I'll tell you a worse story: your company _does_ allow early vesting so people
exercise their options at grant time, long before the vest. This way you avoid
the whole taxation problem were the exercising to be happening later.

But guess what? The company does a _down round_ and lays off people,
effectively 'buying back' the stock that laid off employees had paid for by
'early exercising' (i.e. the unvested remainder). Since the company buys back
the shares at the same price employees bought it at, you think, hey - 'even
stevens'? No! Because it's a down round, you're selling something 'above fair
market value' (even though it's the price you paid) - and you have to pay
taxes!

So consider that: you have to pay taxes on stock that you never properly
owned, and never made a dime on!

Ex: you have 10K shares with strike price of 50 cents, vest over 4 years. You
exercise them all right away (before vesting) at 50 cents. After 2 years, you
get laid off, the company buys back 5K shares at 50 cents. Same price. But
since there's a 'down round' the shares are only worth 20 cents each. You now
owe taxes for selling 5K of something you bought at 50 cents, sold at 50
cents, but are only worth 20 cents, ergo 30 cents a share 'profit' \- that you
never realized on shares you never actually owned!

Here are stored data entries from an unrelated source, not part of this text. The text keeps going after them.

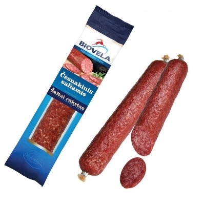 Свинина и сало измельчаются очень мелко. В поперечном разрезе показан монолитный узор из нежирного мяса и равномерно распределенных мелких кусочков лардонов.Помимо натуральных специй, он содержит чеснок для отличительного аромата.Вес:230 гУсловия хранения:0 - + 15 ºC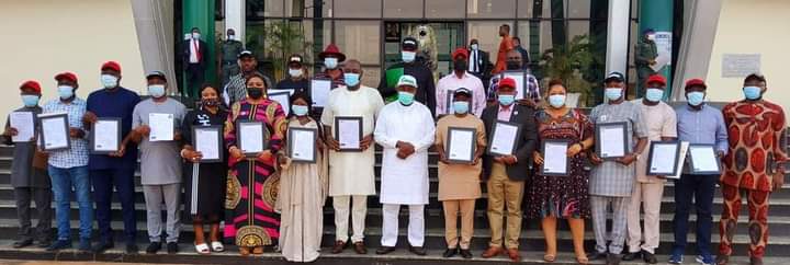 One of the climaxes of the visit was the presentation of their Certificates to Gov. Ugwuanyi.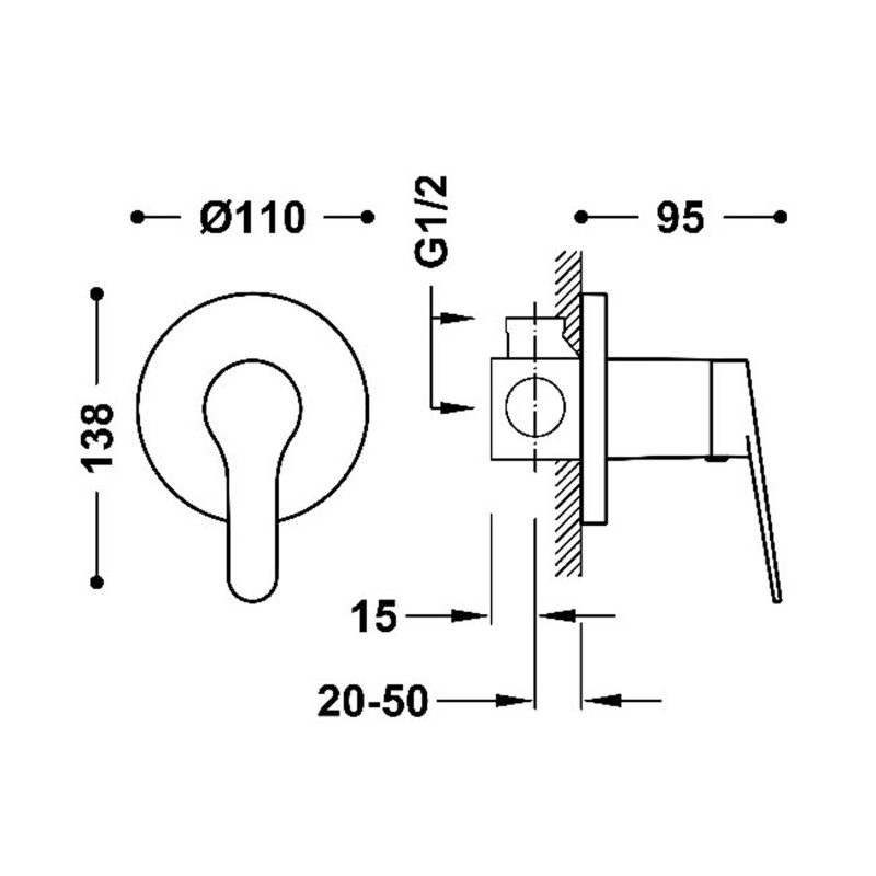 Смеситель для душа Tres Base встраиваемый 1 потребитель хром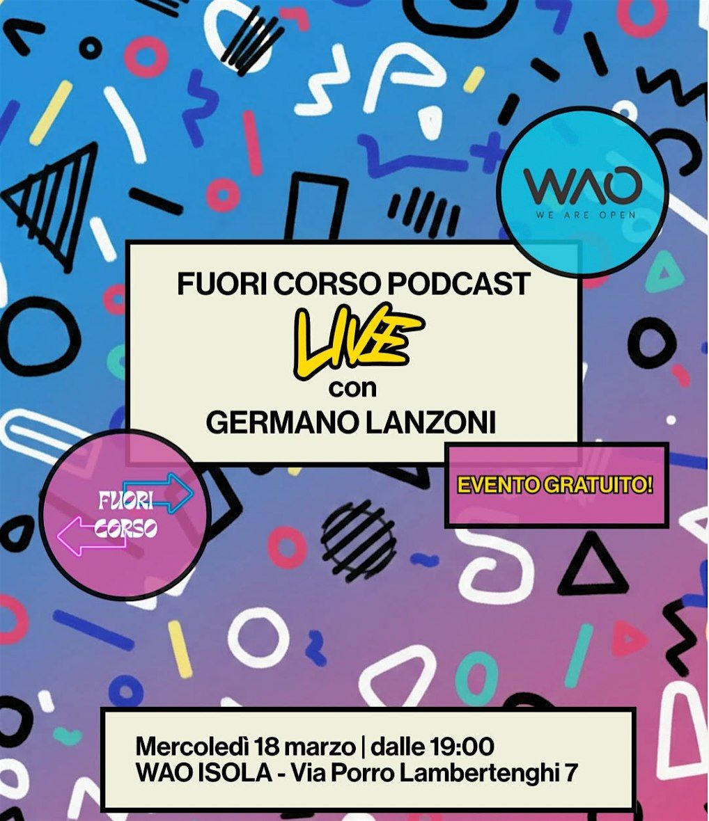 Mercoledì 18 marzo alle19 Fuori Corso Podcast torna live da WAO Isola con una puntata speciale! Ospite e protagonista dell’intervista sarà Germano Lanzoni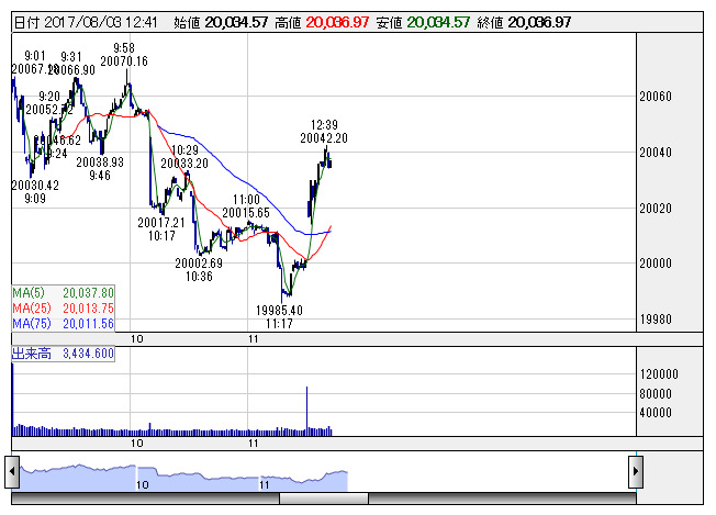 【市況】13時の日経平均は49円安の2万30円、東エレクが11.29円押し下げ
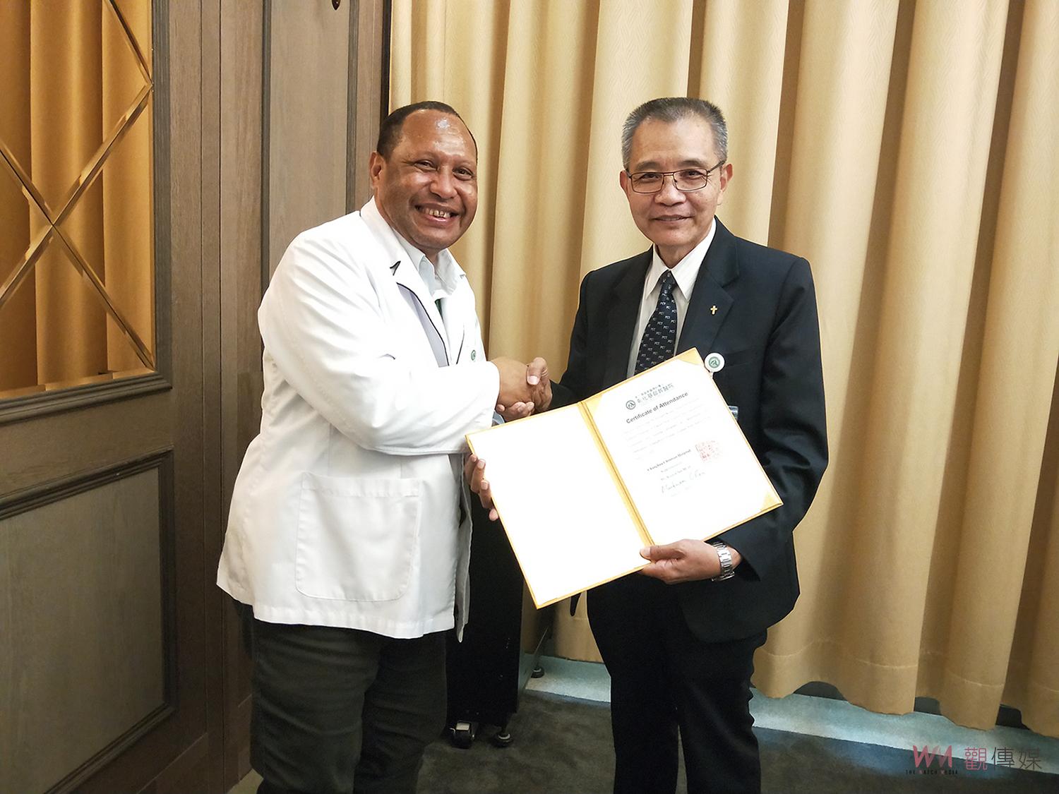 研討會結束後,彰基院長陳穆寬教授與董事長吳瑞鵬長老,為兩位學成的醫師頒發結業證書,為三個月的實習畫下一個完美的句點。

The company in the meantime, bought something at 50 cents only worth 20 cents
and gets a tax write off.

The IRS is ballpark neutral, so it's really like the company taking money from
employees they just laid off.

Now, the company can issue a ton more shares and wipe out the value of laid
off employees equity, and issue _new_ equity to the staff that stayed on to
keep the current staff happy.

In terms of % ownership, this has the effect of simply transferring ownership
from laid off staff to the current staff + owners.

This happened to me, I'm not sure how common it is, but surely it's not that
rare.

------
nwatson
83(b) with pre-vesting exercise if you can, probably only works at early early
stage. I did that twice with different outcomes, overall positive.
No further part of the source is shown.